The cruel jibes of Archer at anthropology aside, you can argue for it as a subject of history to rival archaeology – or vice versa, history as a specialized subset of anthropology.
“Anthropology is the scientific study of humanity…concerned with human behavior, human biology, cultures, societies, and linguistics, in both the present and past”. The overlap with history is obvious, particularly when it comes to the past.
(8) SOCIOLOGY
From anthropology to sociology – the latter seems as much a subject of history to rival the former, or vice versa, history seems as much a specialized subset of sociology as of anthropology.
After all, a description of sociology is almost identical to that of anthropology, except with social used as recurring adjective – “Sociology is the scientific study of human society that focuses on society, huma social behavior, patterns of social relationships, social interaction, and aspects of culture associated with everyday life”.
(9) PSYCHOLOGY
History is just psychology writ large, isn’t it?
The only question is whether it is Freudian or Jungian…
I mean, some of Freud’s books read not so much as individual psychology but collective or historical psychology, most notably Civilization and Its Discontents. Einstein even corresponded with Freud as to the psychological explanation for war. Jung’s concepts are arguably even more so for collective rather than individual psychology – he even coined the collective unconscious as one of his central concepts.
You can take that further by proposing the “psychology” of nations and states, as some historians seem to lapse into doing, or even of entire cultures and civilizations as Oswald Spengler did.
And then there’s historical movements and periods as psychological states.
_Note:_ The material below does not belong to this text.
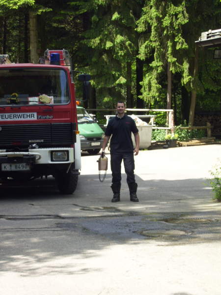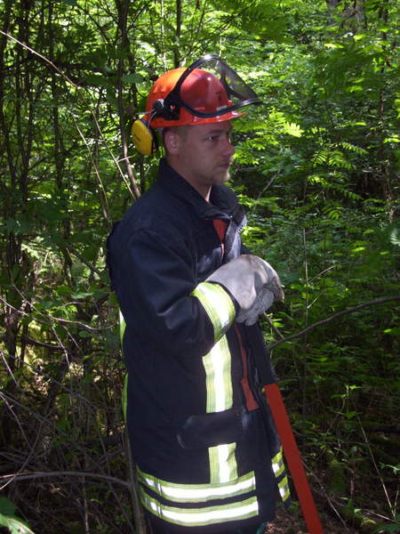 Nachdem jeder von uns im Fotoband der Feuerwehr Köln auf unserem Foto unterschrieben hatte, verbrachten wir den Vormittag mit einer kurz gefassten Theorieeinheit über die Sicherheit beim Arbeiten mit der Motorsäge. Diese ist unerlässlich, da statistisch betrachtet im Berufsbild der Forstwirtschaft jeder Dritte einen Arbeitsunfall erleidet. Außerdem wurde uns die Technik einer Motorsäge sehr anschaulich erklärt. Mit diesem Wissen nahmen wir einige Kniffe mit nach Hause, mit denen wir in Zukunft kleinere Schäden und Fehlfunktionen an der Motorsäge selbst beseitigen können. Nach einer recht kurzen Mittagspause ging es nun endlich zum praktischen Teil des Tages über. Jeder Teilnehmer wurde mit Schnittschutzhose und Helm ausgestattet und Sägen, Werkzeug, Fällheber, Äxte und andere Spielereien eingepackt. Nach einer 30-minütigen Waldrundfahrt fanden wir endlich geeigneten Sturmwurf, der ausreichend verkeilt war, um die Auswirkungen von Druck- und Zugkräften im Holz anschaulich kennenlernen zu können.

I’ve always had a fascination for mass hysteria in history – and they don’t call it the Great Depression for nothing!
It prompts to mind the (science) fictional psychohistory of Isaac Asimov’s Foundation series, capable of predicting future events down to their precise timing, through mathematics and statistical analysis applied to collective human psychology on a social scale.
Interesting, psychohistory is proposed as a real life field of study – “blending psychology and history to analyze unconscious motives in historical events”.
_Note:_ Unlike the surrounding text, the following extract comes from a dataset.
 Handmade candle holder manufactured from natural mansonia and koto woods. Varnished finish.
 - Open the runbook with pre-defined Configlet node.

On the other hand, in the absence of any clinical or formal assessment, psychoanalysis of historical figures can only be estimations or projections, even for those figures with extensive biographical documentation.
(10) ECOLOGY
Arguably a permutation of geography as a subject of history (and vice versa) or placing things in space as well as time – history as a matter of placing things in nature or the natural world.
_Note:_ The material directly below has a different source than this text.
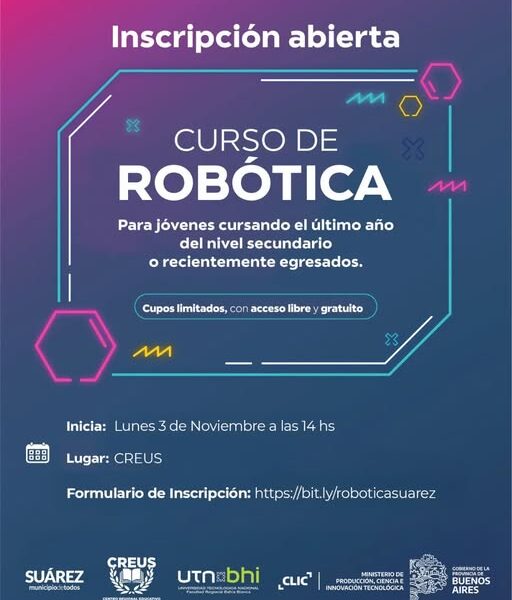 ✍️La Gestión de Gobierno Municipal, a través de la Dirección de Producción y el CREUS, te invitan a un curso de robótica totalmente gratuito.

Alternatively styled as environmental history – “the study of human interaction with the natural world over time, emphasising the active role nature plays in influencing human affairs and vice versa”.
For me, the most interesting aspect of ecology as a subject in history is “the environment as an active agent in history, not just a passive stage, studying phenomena like natural disasters, climate change, and resource depletion”.
And the environment can be an active agent in history, indeed – for example, Kyle Harper’s The Fate of Rome proposes that Rome fell from climate and pandemic, adversaries entirely different and far more destructive than Rome’s human adversaries to which the fall is usually attributed.
“The subject matter of environmental history can be divided into three main components” – the first as nature itself and its change over time or impact on humans, the second as the human use of and impact on nature, and the third as how people think about nature over time, “the way attitudes, beliefs and values influence interaction with nature, especially in the form of myths, religion and science”.